Dieser detaillierte Leitfaden bietet alles Wissenswerte: Öffnungszeiten, Ticketinformationen, Zugänglichkeit, Führungen und Tipps zur Erkundung nahegelegener Attraktionen, um sicherzustellen, dass Sie das Beste aus Ihrem Besuch im kulturellen Herzen Genuas machen. Für aktuelle Informationen und Buchungen wird die offizielle Musei di Genova Webseite empfohlen. (Italy for Movies) (Wikipedia)


Ursprünge und frühe Baugeschichte (16. Jahrhundert)

Der Palazzo Bianco, auch bekannt als Palazzo Luca Grimaldi oder Palazzo Brignole Sale, wurde zwischen 1530 und 1540 für Luca Grimaldi erbaut.
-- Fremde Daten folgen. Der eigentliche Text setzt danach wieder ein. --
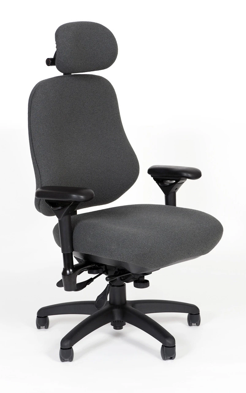 The High Back Executive Stretch is part of the BodyBilt Extra-Tall series, that boast a 10-Point Posture Control adjustability to address and alleviate stressful aches and pains. The slightly contoured seat on this model is one of their most popular designs. Passive weight distribution via surface contact, encourages proper-seated posture and cushions the high-pressure points that lead to discomfort on flat seat designs. The #9 seat pan has a reinforced structure, minimally contoured and is 22% larger than the standard seat. This chair is designed to fit taller individuals (over 6’). The J-style mechanism allows for a smooth rocking motion or may be locked in a stationary position and allows for the backrest depth adjustment feature. This company is known for making some of the best ergonomic designs in the world and their chairs are highly sought after! Ships in 5 business days if upholstered in select fabrics (for all other fabrics lead times increase to 4-5 weeks.) *Residential delivery fees apply.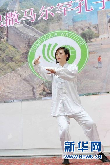????11月27日,烏茲別克斯坦撒馬爾罕國立外國語學(xué)院禮堂,上海外國語大學(xué)李海榮老師在表演太極拳。(新華網(wǎng)記者 沙達提 攝)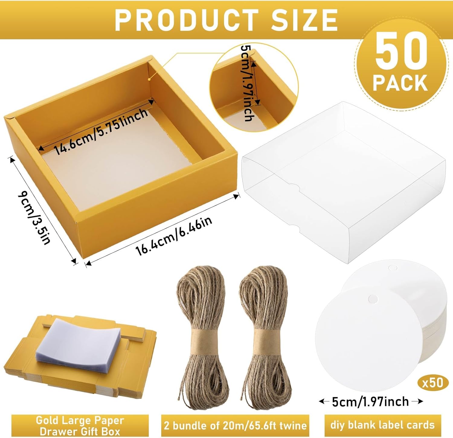 Roowest 50 Sets Kraft Soap Boxes Rectangle Packaging Box with Window Homemade Gift Box with Blank Tags and Jute String for Jewelry Candy Wrapping Party Favor(6.5 x 6.5 x 2 Inch,Gold)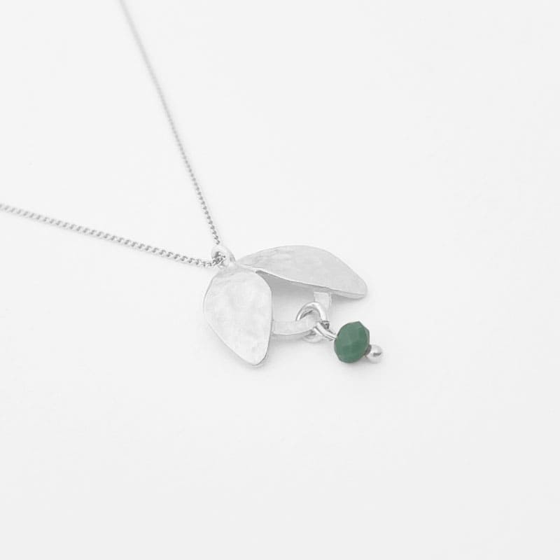 Add a touch of color to your everyday look with this eye-catching color pendant! Hand hammered silver leaves combined with a Swarovski colored crystal create a look that is beautiful and totally unique!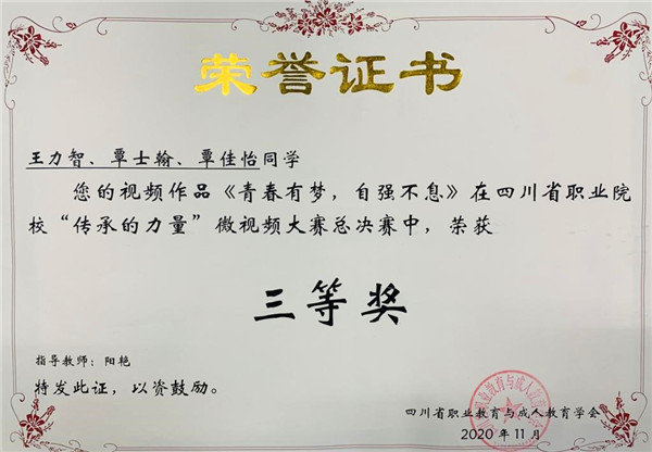 近日,第三届奋进新时代中华传统美德天府职教行活动周在成都举行。由四川航天职业技术学院(以下简称:四川航天职院)基础教学部选送的微视频《青春有梦,自强不息》荣获三等奖。这是该校基础教学部学生首次参加此类型的比赛并获奖。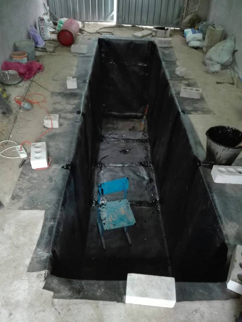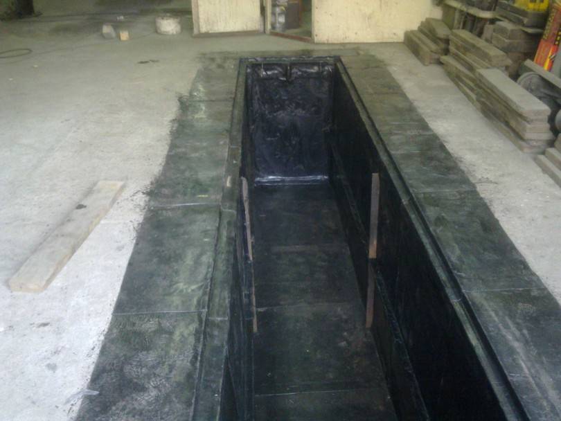 2. Возведение каркаса предусматривает двойные бетонные стены, между которыми будет находиться гидроизоляционная прослойка (акваизол, бутилкаучук или другие гидрофобные материалы или мембраны). Полотна с водонепроницаемыми свойствами выстилаются в котлован с выпуском по 15 см с каждого края. Материалы, закрывающие канаву, соединяются внахлест и склеиваются с помощью двухстороннего скотча.

Das ursprüngliche Design spiegelte die bescheidene Eleganz der frühen Renaissance wider und lag damals am Stadtrand, bevor die Strada Nuova (heute Via Garibaldi) entwickelt wurde, die später zum Epizentrum der adligen Residenzen Genuas wurde. Der Bau des Palastes fiel mit einer Periode der Stadterneuerung zusammen, in der Genuas Elite prächtige Häuser errichtete, die die berühmten Palazzi dei Rolli bilden sollten. (it.wikipedia) (italyformovies.com)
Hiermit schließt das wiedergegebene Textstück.